This study was conducted as part of surveillance for COVID-19 infections under the auspices of Section 251 of the NHS Act 2006. It therefore did not require individual patient consent or ethical approval. The COG-UK study protocol was approved by the Public Health England Research Ethics Governance Group (reference: R&D NR0195).
Results
7,406 SARS-CoV-2 positive samples from 6,600 patients were identified in the study period, and care home residency status was determined in 6,413 (Figure 1, Appendix p 16). Positive cases came from 37 submitting organisations including regional hospital laboratories and community-based testing services (Appendix pp 17-19).
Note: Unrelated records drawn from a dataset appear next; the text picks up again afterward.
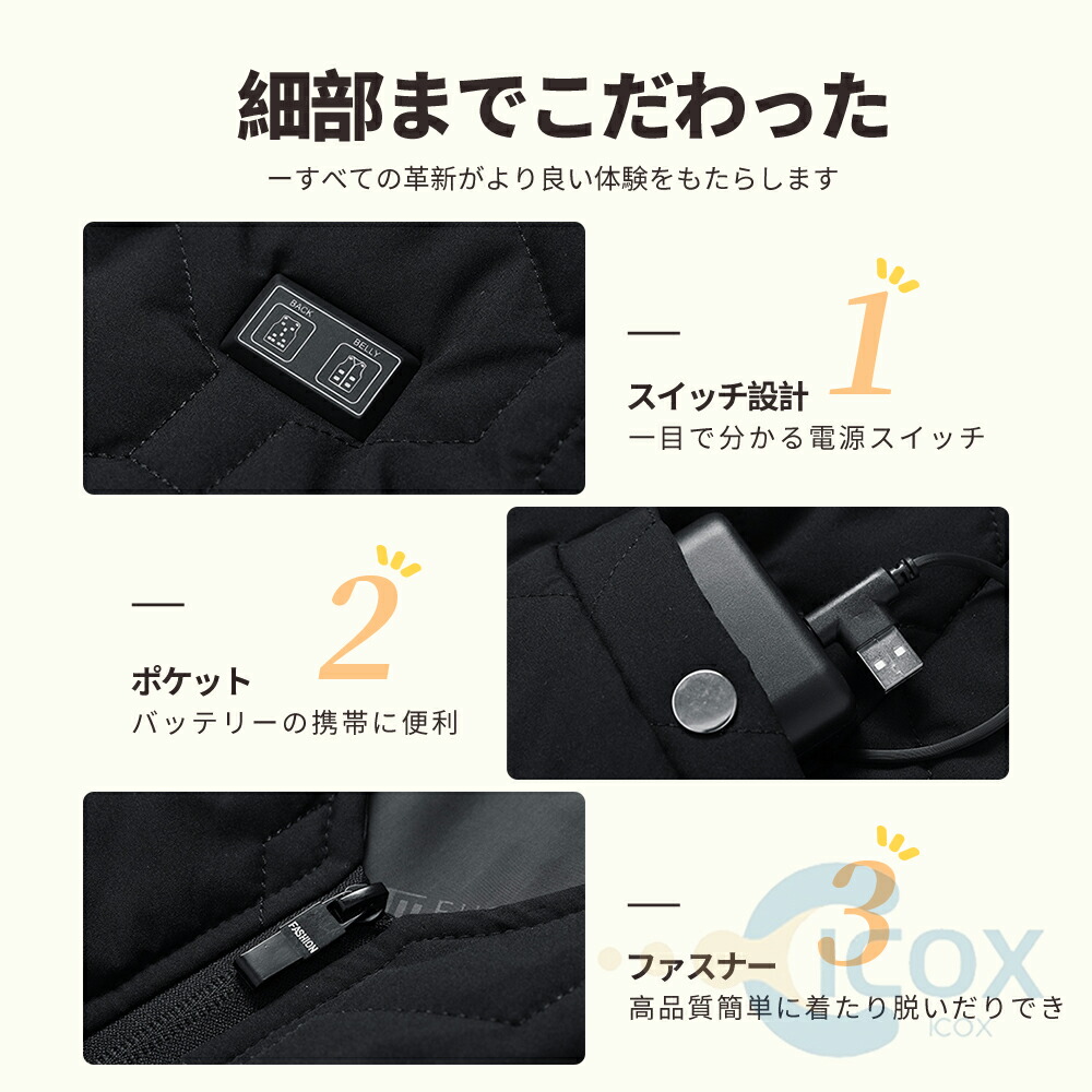 強力に揉まないで下さい。ベストはUSBケーブルが付属しており、市販のUSB 2A・5V以上の出力モバ
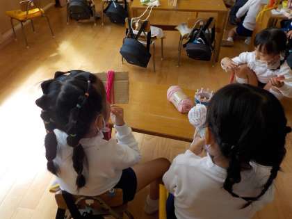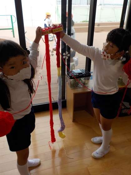 毛糸遊びが続いています(5歳児) 公開日 2022/10/24 更新日 2022/10/24 お知らせ 毛糸遊びがまだまだ続いています。 ぐるぐる巻いてぼんぼりをつくったり、中に綿をつめて、ぬいぐるみをつくったり、 友達と長さ比べをしながら根気よく頑張ったり、それぞれが自分なりのイメージをもって取り組んでいます。 いいね(0)
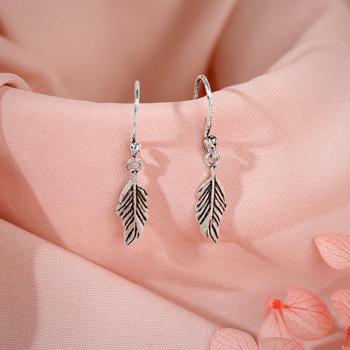 Oxidised Silver Vintage Leaf Earrings
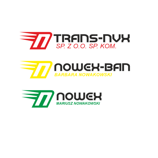 Nazwa NOVEX, proszę zamienić W na V! Kolorystycznie: Trans-Nvx - proszę przypisać kolor żółty, NOVEX-BAN - kolor czerwony.NOVEX kolor niebieski. Proszę wyróżnić literę X we wszystkich trzech firmach. Dzięki.
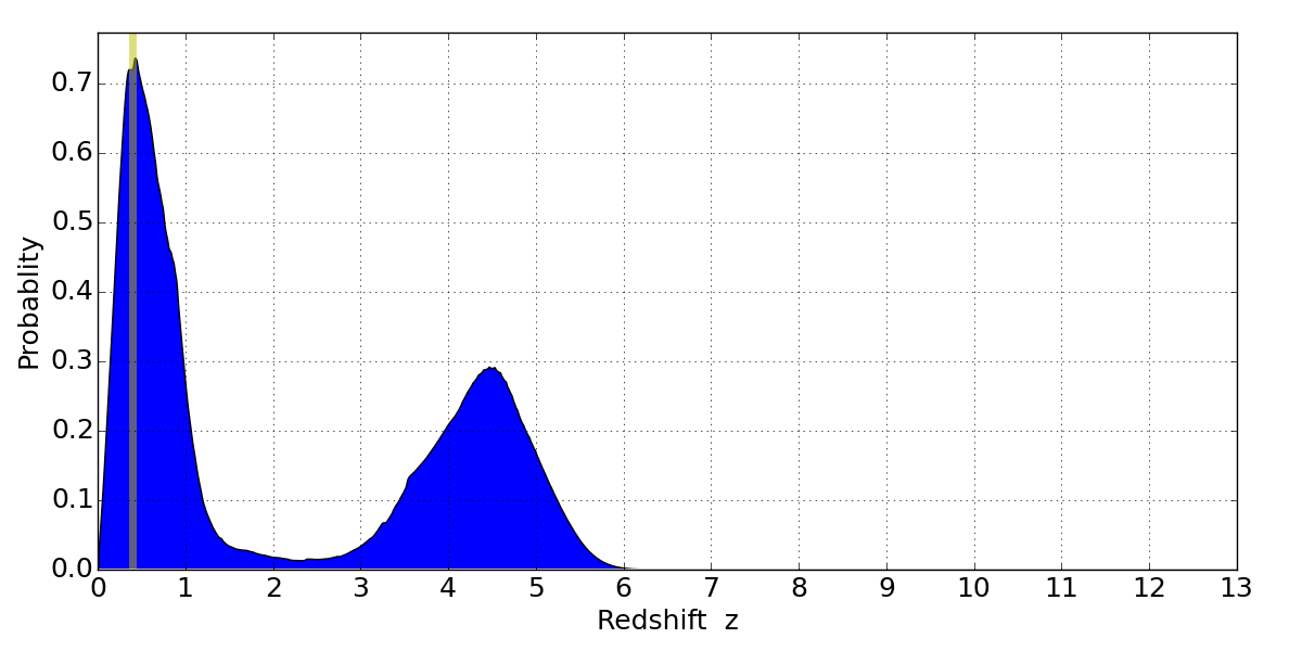 Best viewed in a wide browser window (1200 pixels or more). Download SED & P(z) plots to view larger versions.
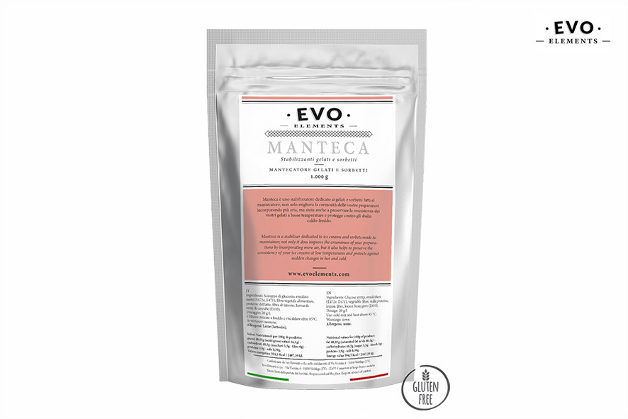 Manteca ist ein Stabilisator der es ermöglicht mehr Luft in Eis und Sorbets einzuarbeiten. Er verbessert nicht nur die Cremigkeit Ihrer Präparate sondern ermöglicht die Konsistenz der Eiscreme bei niedrigen Temperaturen zu bewahren und schützt vor Temperaturschwankungen. Mischverhältniss: 20 g/lt

The study population included almost half of the COVID-19 cases diagnosed in the EoE at this time,24 with the remainder being tested at other laboratory sites.
1,167/ 6,413 (18.2%) of the study population were identified as care home residents from 337 care homes. 193 / 337 (57.3%) care homes were residential homes and 144 / 337 (42.7%) were nursing homes, with the majority located in five counties across EoE (Appendix p 20). This represents around half of the care homes in the East of England which had reported suspected or confirmed outbreaks to PHE as of 11th May 2020.25 As expected, care home residents were older than non-care home residents (median age 86 years (interquartile range (IQR) 79-90 years) versus 65 years (IQR 48-80 years), respectively (P<0.0001, Wilcoxon rank sum test)) (Table 1). There was a median of 2 cases per care home (IQR 1-5, range 1-22), with a highly skewed distribution: the 10 care homes (top 3%) with the largest number of cases contained 164 / 1167 (14.1%) of all care home cases (Appendix p 21). There was a slight trend for nursing homes to have more cases per home than residential homes (median 3, IQR 2-4 versus median 2, IQR 1-3, respectively (P=0.03, Wilcoxon rank sum test)) (Appendix p 22). The number of cases per care home per week increased over the study period (Appendix p 23), likely reflecting increased testing. While non-care home cases declined during April 2020, care home numbers were initially maintained and then declined more slowly; the proportion of cases coming from care homes relative to non-care homes increased, from <10% in March to >40% in the first week of May (Figure 2, Appendix pp 24-25). While this may partially reflect the changing profile of samples submitted to the CMPHL, a similar trend was observed for cases tested acutely at CUH, with the proportion of community-onset care home-associated cases increasing from <5% in March to a peak of 14/49 (28.6%) in mid-April (Appendix p 26).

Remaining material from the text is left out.